(Beginning of Material provided)

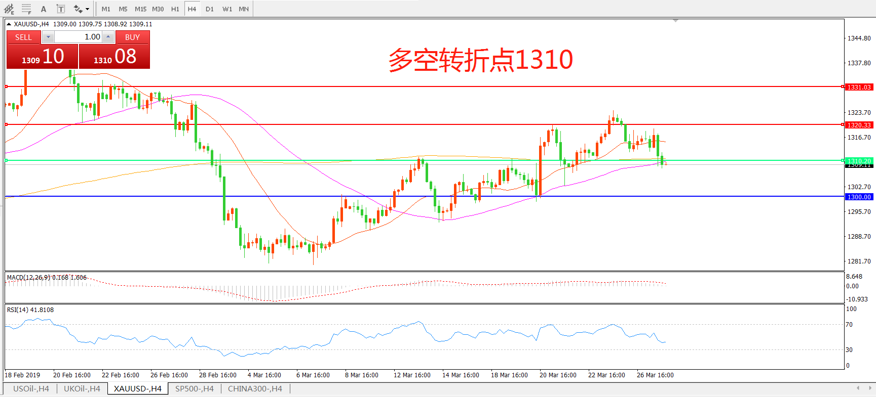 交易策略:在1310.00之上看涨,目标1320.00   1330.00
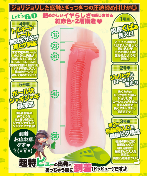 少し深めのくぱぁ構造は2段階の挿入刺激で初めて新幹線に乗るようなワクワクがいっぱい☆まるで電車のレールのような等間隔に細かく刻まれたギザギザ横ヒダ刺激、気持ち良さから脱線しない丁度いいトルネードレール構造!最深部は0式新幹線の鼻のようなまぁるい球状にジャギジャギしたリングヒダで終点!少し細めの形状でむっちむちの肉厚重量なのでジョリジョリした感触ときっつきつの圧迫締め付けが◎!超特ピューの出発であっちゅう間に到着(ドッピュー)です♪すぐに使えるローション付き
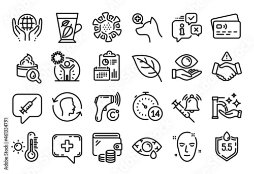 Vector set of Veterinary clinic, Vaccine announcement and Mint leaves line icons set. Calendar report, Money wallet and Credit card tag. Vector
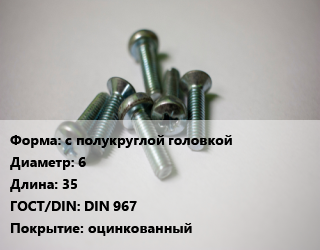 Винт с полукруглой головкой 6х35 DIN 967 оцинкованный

(End of Material provided)

- _Problem to solve_
Retype the listing above exactly, please. Pictures do not belong in the copy.

- _Answer section_
 交易策略:在1310.00之上看涨,目标1320.00   1330.00
 少し深めのくぱぁ構造は2段階の挿入刺激で初めて新幹線に乗るようなワクワクがいっぱい☆まるで電車のレールのような等間隔に細かく刻まれたギザギザ横ヒダ刺激、気持ち良さから脱線しない丁度いいトルネードレール構造!最深部は0式新幹線の鼻のようなまぁるい球状にジャギジャギしたリングヒダで終点!少し細めの形状でむっちむちの肉厚重量なのでジョリジョリした感触ときっつきつの圧迫締め付けが◎!超特ピューの出発であっちゅう間に到着(ドッピュー)です♪すぐに使えるローション付き
 Vector set of Veterinary clinic, Vaccine announcement and Mint leaves line icons set. Calendar report, Money wallet and Credit card tag. Vector
 Винт с полукруглой головкой 6х35 DIN 967 оцинкованный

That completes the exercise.